Each line below from the line with "生产积分系统:通过自然生产或" to the line with "12. Dezember 2026" must be copied exactly, including those two, and no picture may appear in the copy.

* _INFORMATION SUPPLIED_
--------------------------------

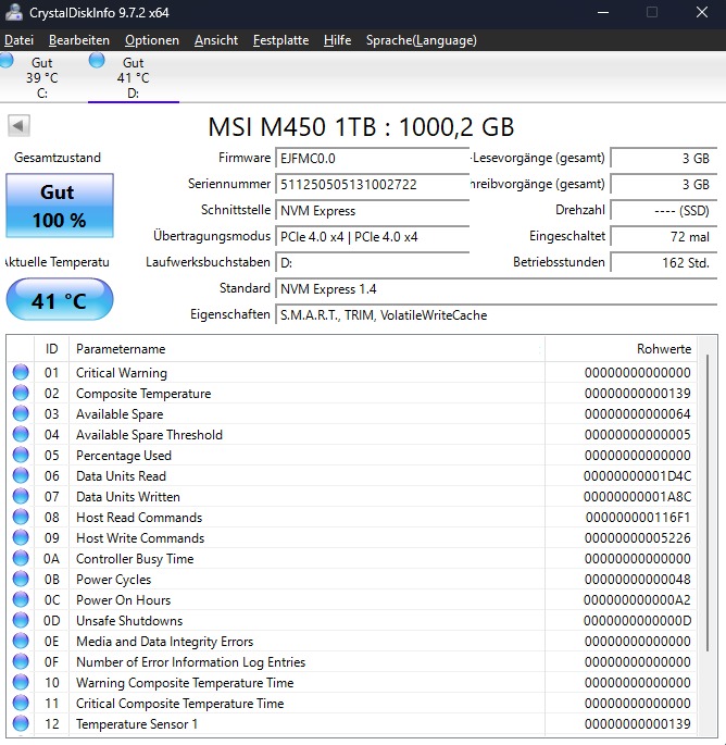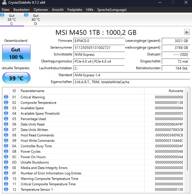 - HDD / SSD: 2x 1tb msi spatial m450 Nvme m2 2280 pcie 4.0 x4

--------------------------------

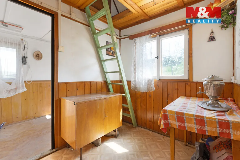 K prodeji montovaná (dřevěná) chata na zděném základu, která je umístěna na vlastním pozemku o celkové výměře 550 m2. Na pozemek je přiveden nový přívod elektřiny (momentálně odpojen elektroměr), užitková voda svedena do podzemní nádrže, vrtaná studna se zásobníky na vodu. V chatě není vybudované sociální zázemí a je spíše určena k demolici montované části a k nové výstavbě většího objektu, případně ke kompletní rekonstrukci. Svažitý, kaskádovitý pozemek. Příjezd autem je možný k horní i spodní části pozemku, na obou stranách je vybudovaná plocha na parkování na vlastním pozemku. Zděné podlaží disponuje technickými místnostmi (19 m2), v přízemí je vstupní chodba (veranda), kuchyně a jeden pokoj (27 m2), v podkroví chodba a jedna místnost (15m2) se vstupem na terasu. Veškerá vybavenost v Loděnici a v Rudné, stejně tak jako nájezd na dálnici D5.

--------------------------------

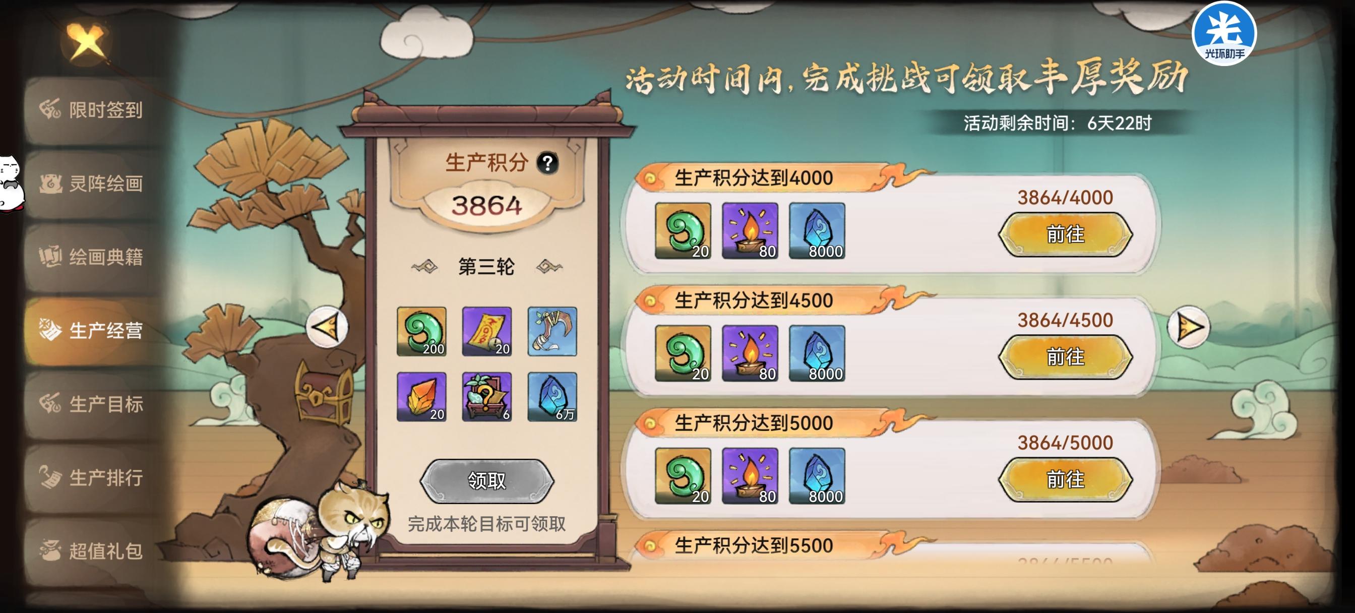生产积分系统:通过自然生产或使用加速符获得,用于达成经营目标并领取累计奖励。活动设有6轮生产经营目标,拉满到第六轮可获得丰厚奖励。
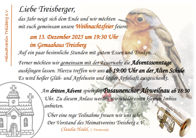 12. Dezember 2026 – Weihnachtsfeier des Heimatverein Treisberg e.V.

--------------------------------

* _WRITTEN RESPONSE_
生产积分系统:通过自然生产或使用加速符获得,用于达成经营目标并领取累计奖励。活动设有6轮生产经营目标,拉满到第六轮可获得丰厚奖励。
 12. Dezember 2026 – Weihnachtsfeier des Heimatverein Treisberg e.V.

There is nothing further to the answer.